Of DVDs and Multiprocessing

I’m working on a PAL project and have been figuring out how to show my work to people here in the states. Turns out that it’s easy to make a great looking NTSC DVD from a PAL project in a Media Composer — provided you know the magical formula and are willing to wait. And therein lies a tale.

It’s a three-step process. Render, export a quicktime, burn a DVD. The render and export steps happen in the MC. Toast handles the burning and will also convert to NTSC.

The problem with this is that the MC is useless while you’re rendering and exporting, and each step can take hours. But even though the MC is dead to the world, the computer itself, in my case a dual G5, has lots of power to spare. During a recent export I was able to listen to a batch of temp music in iTunes and simultaneously surf the web — all while the render continued and without any sense of slowness at all.
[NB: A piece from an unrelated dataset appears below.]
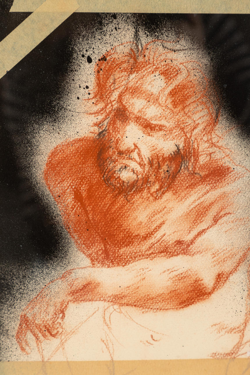 Troels Wörsel (1950-2018), Hercules, blandede medier, tegning med collage på papir, med titel og indskrift, ca. 49 x 31 cm, indrammet bag passepartout og glas, med ramme ca. 62 x 44 cm

I was able to do useful work, rather than stare at the screen for an hour or two.

The MC (and for the most part, Final Cut, too) remains mired in the single-tasking, single-processing technology of the 90s, when it took all the power the machine had just to get video on the screen. In a world where two or four processor cores are standard, that is starting to feel downright quaint.

What I wanted to do while I was rendering was watch dailies. I would have happily accepted a slower render in exchange for this ability. In fact, it could have taken all day to do the render, provided I could keep working.

In another example, the slickest and most responsive way to experiment with music against picture is to play your sequence in the MC, and then, while the MC continues to play, switch to iTunes and play your music from there. The fact that the MC can’t do this kind of thing on its own is silly, and it should be downright embarrassing to the folks in Tewksbury.

Being able to do certain things simultaneously is a big productivity enhancer and it’s now well within the capabilities of our hardware. It’s the software that’s lagging. The company that offers us that kind of usability first is going to have a big competitive advantage.